*Task description*
Transcribe exactly the line containing "Kotevní prvky byly" and each line after it, through the end of the entries, with nothing before or after.

*Record excerpts*
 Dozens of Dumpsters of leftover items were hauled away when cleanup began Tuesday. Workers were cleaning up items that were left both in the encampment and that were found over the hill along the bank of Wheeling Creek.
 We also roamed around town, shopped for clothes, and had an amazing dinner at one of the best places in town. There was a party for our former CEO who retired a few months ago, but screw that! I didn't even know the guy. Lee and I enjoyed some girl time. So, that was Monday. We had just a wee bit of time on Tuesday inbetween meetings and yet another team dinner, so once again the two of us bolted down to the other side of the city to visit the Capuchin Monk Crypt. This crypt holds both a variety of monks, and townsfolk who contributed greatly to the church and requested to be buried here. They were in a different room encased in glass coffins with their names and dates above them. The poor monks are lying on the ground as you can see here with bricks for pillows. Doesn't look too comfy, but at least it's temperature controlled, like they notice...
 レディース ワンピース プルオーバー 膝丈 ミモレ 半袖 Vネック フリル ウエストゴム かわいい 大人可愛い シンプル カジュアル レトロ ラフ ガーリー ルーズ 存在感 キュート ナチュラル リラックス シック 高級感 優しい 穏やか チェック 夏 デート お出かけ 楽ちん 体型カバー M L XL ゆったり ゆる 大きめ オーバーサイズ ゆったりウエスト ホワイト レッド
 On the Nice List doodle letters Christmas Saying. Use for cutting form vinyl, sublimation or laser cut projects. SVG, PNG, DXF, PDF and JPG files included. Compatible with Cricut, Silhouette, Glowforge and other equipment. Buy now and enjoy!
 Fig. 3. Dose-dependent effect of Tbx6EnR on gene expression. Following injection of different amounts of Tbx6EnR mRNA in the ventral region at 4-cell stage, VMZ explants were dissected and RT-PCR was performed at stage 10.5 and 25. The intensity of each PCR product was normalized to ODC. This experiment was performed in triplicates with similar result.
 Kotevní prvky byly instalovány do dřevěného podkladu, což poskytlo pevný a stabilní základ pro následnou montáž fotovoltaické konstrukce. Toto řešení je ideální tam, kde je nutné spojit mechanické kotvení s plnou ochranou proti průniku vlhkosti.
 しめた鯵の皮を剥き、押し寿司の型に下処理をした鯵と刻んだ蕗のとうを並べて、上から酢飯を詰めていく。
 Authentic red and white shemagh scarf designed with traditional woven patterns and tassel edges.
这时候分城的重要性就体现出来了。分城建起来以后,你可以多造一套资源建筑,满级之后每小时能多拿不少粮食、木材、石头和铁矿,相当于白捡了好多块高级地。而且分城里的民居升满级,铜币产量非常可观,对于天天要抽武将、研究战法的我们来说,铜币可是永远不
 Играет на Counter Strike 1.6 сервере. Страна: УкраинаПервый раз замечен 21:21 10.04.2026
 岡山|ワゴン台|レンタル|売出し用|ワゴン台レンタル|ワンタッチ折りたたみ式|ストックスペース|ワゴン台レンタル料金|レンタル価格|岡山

*Answer area*
 Kotevní prvky byly instalovány do dřevěného podkladu, což poskytlo pevný a stabilní základ pro následnou montáž fotovoltaické konstrukce. Toto řešení je ideální tam, kde je nutné spojit mechanické kotvení s plnou ochranou proti průniku vlhkosti.
 しめた鯵の皮を剥き、押し寿司の型に下処理をした鯵と刻んだ蕗のとうを並べて、上から酢飯を詰めていく。
 Authentic red and white shemagh scarf designed with traditional woven patterns and tassel edges.
这时候分城的重要性就体现出来了。分城建起来以后,你可以多造一套资源建筑,满级之后每小时能多拿不少粮食、木材、石头和铁矿,相当于白捡了好多块高级地。而且分城里的民居升满级,铜币产量非常可观,对于天天要抽武将、研究战法的我们来说,铜币可是永远不
 Играет на Counter Strike 1.6 сервере. Страна: УкраинаПервый раз замечен 21:21 10.04.2026
 岡山|ワゴン台|レンタル|売出し用|ワゴン台レンタル|ワンタッチ折りたたみ式|ストックスペース|ワゴン台レンタル料金|レンタル価格|岡山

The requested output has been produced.